The life of KAR Auction Services CEO Jim Hallett is a classic tale of rags to riches. Raised in a village in Ontario, Canada, his father died when he was 8 months old, leaving his mother, who never remarried, with three small children. Hallett got into the auto auction business, sold it to KAR predecessor Adesa, and rose through Adesa ranks in Canada and then at its Carmel headquarters. Hallett was tossed out after Adesa was sold to a Minnesota utility only to be brought back a couple of years later by new owners. He took KAR public and built it into one of Indiana’s 10 largest public companies, with $2 billion in sales last year.
My mother raised us with the equivalent of welfare here in the U.S. And she got a lot of support from the church, for food and clothing. And when you’re raised in a small town, a lot of people looked out for us.
We were focused on the right things—school, education, sports, church, hard work. And you know, when you grow up without your left arm, you don’t miss it. We knew we were poor, but we certainly didn’t see it as something that was a hindrance or holding us back. If anything, it was something that motivated us.
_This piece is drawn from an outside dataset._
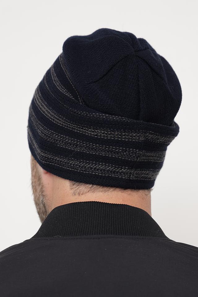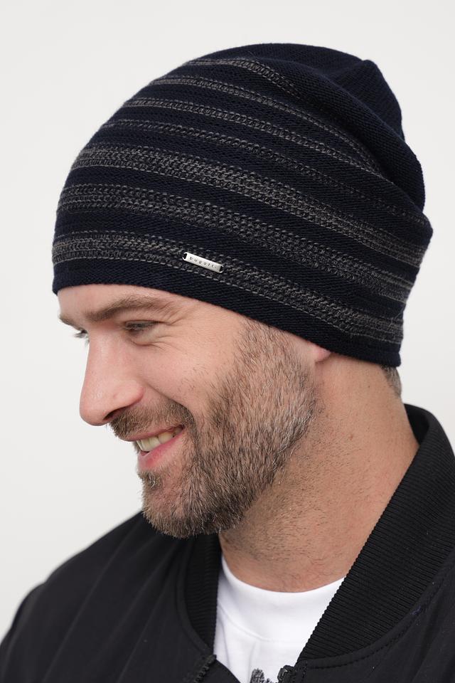 Мужская шапка Bugatti ACC тёмно-синего цвета с горизонтальными полосами. Изготовлена из мягкой шерсти и полиакрила, обеспечивающей комфорт и тепло в холодную погоду. Стильный дизайн и качественные материалы. Состав: шерсть 50%, полиакрил 50%
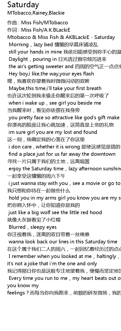 | [01:50] | wanna look back our lines in this Saturday time 在这个属于我们二人的周六,一起回忆着经历过的点点滴滴 |

A friend thought I’d do really well at selling cars, so I applied at a dealership in town. They liked my energy and enthusiasm, and my ability to communicate with all types of people. I remember telling them during my interview, “It doesn’t matter who walks in here—a businessman in a silk suit or a farmer in overalls—I can relate to him based on where I grew up and how I was raised.”
I opened my first auctions and sold them to Adesa and then bought some new-car dealerships.
But auctions are a lot less risk. And auctions let me spend more time with my family, since it took nights and weekends out of the equation.
We had a lot of fun. When our head auctioneer announced he was getting married, I convinced him to get married at the auction. His fiancée also worked in the office at the auction. Then we turned his wedding into a sales promotion at the auction, and it got covered by national television.
The American Dream has always been there, and continues to be there. You have to want it.
But dreams are achieved not only in America. Dreams can be achieved in any country.